En aquella edad mis gentes, mi estirpe, presumían demasiado de aquello de la sangre azul, los difíciles ascendientes y notables abolengos. Hasta pena me da confesarlo, pero, y eso es lo más grave, yo también estaba metido entre esa botella de prejuicios sociales. ¡Cosas de la época!
Un día cualquiera, no importa cual, una hermana mía se enamoró de un hombre muy pobre, y claro, esto fue el escándalo del siglo; las damas de la nobleza y sus necios caballeretes, pisaverdes, currutacos, lechuguinos y gomosos desollaron vivo al prójimo, hicieron escarnio de la infeliz.

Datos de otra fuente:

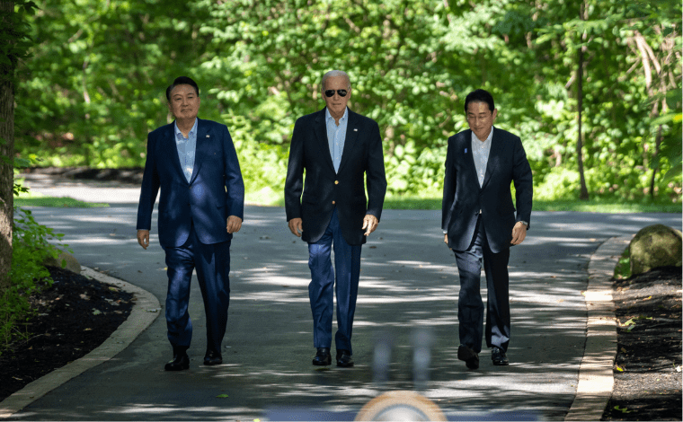 Biden’ın kritik zirve zincirinin ilk halkası ağustosun sonlarında Japonya Başbakanı Kişida Fumio ve Güney Kore Devlet Başkanı Yoon Suk Yeol ile bir araya geldiği Camp David zirvesiydi. Bir kere Camp David, İkinci Dünya Savaşı sırasında ABD lideri Franklin Roosevelt’in İtalya’yı savaş dışı bırakmak için müttefiki İngiltere Başbakanı Winston Churchill ile planlar yaptığı yerdi. Sonra 1978’te dönemin Mısır Cumhurbaşkanı Enver Sedat ile İsrail Başbakanı Menahem Begin de Camp David’de bir araya gelip barış anlaşması konusunda mutabık kalmıştı.

Decían de ella que había manchado el honor de la familia, que había podido casarse mejor, etc. No tardó en quedar viuda la pobre y el resultado de su amor, es claro, un niño. ¿Si hubiera querido regresar al seno de la familia. Empero esto no fue posible, ella ya conocía demasiado la lengua viperina de las damas elegantes, sus fastidiosos contrapuntos, sus desaires y prefirió la vida independiente.
¿Que yo ayudé a la viuda?, sería absurdo negarlo. ¿Que me apiadé de mi sobrino?, eso fue verdad. Desafortunadamente, hay veces en que por no faltar uno a la piedad puede volverse despiadado. Ese fue mi caso. Compadecido del niño le interné en un colegio, sin importarme un comino los sentimientos de su madre, y hasta cometí el error de prohibir a la sufrida mujer visitar a su hijo; pensaba que así mi sobrino no recibiría perjuicios de ninguna especie y podría ser alguien más tarde, llegar a ser un gran señor, etc.